I didn't expect you, nor did I want you to *DEFEND* yourself... Call me ignorant, but I did expect an apology. Apparently you feel that you have done nothing wrong, so you don't feel an apology is appropriate. So I guess that this absolves you from any responsibility. Sorry it just doesn't cut it for me. As far as our private conversations.........Yes I will admit I have said things to you concerning suicide, suicide ideation, my depression, and my situation. We last spoke on Sat, yes I was depressed but talked to you about your weekend and gave you encouragement with taking your test, and wished you well. On Monday night you decided to call the police based on what I had written in my diary. Did you even stop to THINK that MOTHER'S DAY may have been a HUGE trigger for me?? Something really hard to get through, something very difficult????

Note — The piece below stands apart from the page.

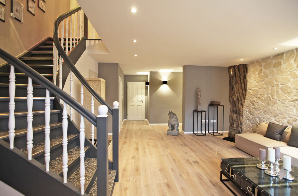 Wie geplant, wurde das Wohnzimmer über fast die ganze untere Etage vergrößert, dadurch wurde die Wohnung viel offener und freundlicher. Der Eingangsbereich und das Wohnzimmer erhielten Kegelleuchten für die Wand, welche eine angenehme und nicht störende Beleuchtung ausstrahlten. Dieser Effekt hebte besonders die mit Verblend-Steinen verarbeitete Wohnzimmerwand hervor.

I didn't get your message, or your email as I had my phone shut off, and was NOT online. I ASKED that NO ONE CALL ME or CONTACT me. You crossed that boundary, and then went even further by calling the police, and causing me a ton of shit. I got your message when the cops were here, and I asked if I could make a phone call. THAT'S when I called you and told you to NEVER CALL ME AGAIN!!!!!!!!!!

I was actually sectioned 12 in the E.D until someone could pick me up.

So I guess I should take some responsibility for some of this. I apology if I have upset anyone. I did say this in my diary, thought I was very clear, apparently I wasn't.

At least I have the balls to apologize, and take responsibility for my actions.
 
I'm sorry for the things you had to go through Monday night. When I called, I downplayed the situation as much as possible, and asked if someone could go check on you to see how you were doing, as I lived too far away to do so. However, (as you figured), I am not going to appologize for making the call. Like you said, you were on the precipice of suicide. I knew Mother's Day would be very difficult for you, and that, combined with what you had been saying lately, combined with your personal history, combined with you suddenly wanting no contact, the red flags were waving high, and I was very afraid that you may have acted upon these thoughts.

Like I said in my e-mail, I value our friendship, but I value your life even more. I can live with losing you as a friend--(I will be sad, of course)--but I cannot live with losing YOU.

Again, I would be more than happy to discuss this further off the forum.